Wilson Jones
- Born: 2 May 1922 Pune, Bombay Presidency, British India
- Died: 4 October 2003 (aged 81) Mumbai
- Sport country: India
- IBSF World Billiards Champion: 1958, 1964

= Wilson Jones (billiards player) =

Indian billiards player

Wilson Lionel Garton-Jones (2 May 1922 - 4 October 2003) was a professional player of English billiards from India. Jones, a dominant national amateur champion for more than a decade, won the amateur world championship twice, in 1958 and 1964. He was awarded the Arjuna Award in 1963, the Padma Shri Award in 1965, and the Dronacharya Award in 1996. He was the first Indian to be a World champion in any sport.

== Early life and education ==
Jones, an Anglo-Indian, was born in Pune in Maharashtra, and studied at Bishop High School and St. Vincent's High School, before joining the War Service in 1939. Jones appeared in the national championship for the first time in 1947. In 1950, he won his first national title, defeating T. A. Selvaraj in the final. During the next sixteen years, he won the amateur National Billiards Championship of Indian twelve times. He won both the national billiards and snooker titles in 1952 and 1954.
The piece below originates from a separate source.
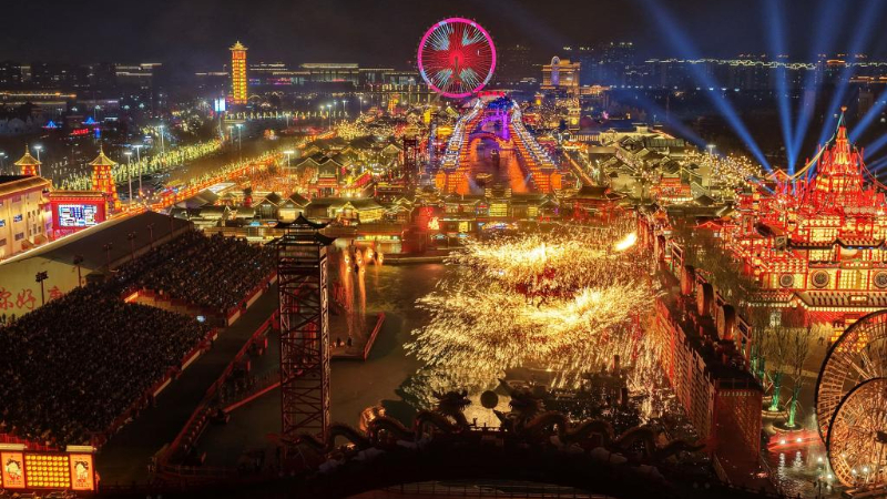 春节期间,河北省唐山市丰南区河头老街灯火璀璨、火树银花,为游客呈现出一场流光溢彩的视觉盛宴。

== World championship attempts ==
Jones' first World Billiards Championship was in London in 1951. In Calcutta in 1952, he won only one match, against Ameen Yunoos of Burma. He failed in the next Championship in Sydney in 1954 as well but it gave him a chance to spend time with Walter Lindrum.

On his fourth attempt, on 11 December 1958 Jones won the World Amateur Billiards Championship held at Great Eastern Hotel in Calcutta [sic]. In his final match, he defeated Chandra Hirjee of India 4655–2287 in four two-hour sessions. On the previous day, he defeated Leslie Driffield after trailing by more than 660 points with 105 minutes left. Jones took lead with fifteen minutes left and scored 123 unfinished in his last visit. Driffield finished second in the round robin.

This was followed up by another world title in 1964 in New Zealand.
After retirement, Jones moved on to coaching, and mentored professional champions such Om Agarwal, Subhash Agarwal, and Ashok Shandilya.

== Death ==
In 2003, Jones died following a heart attack.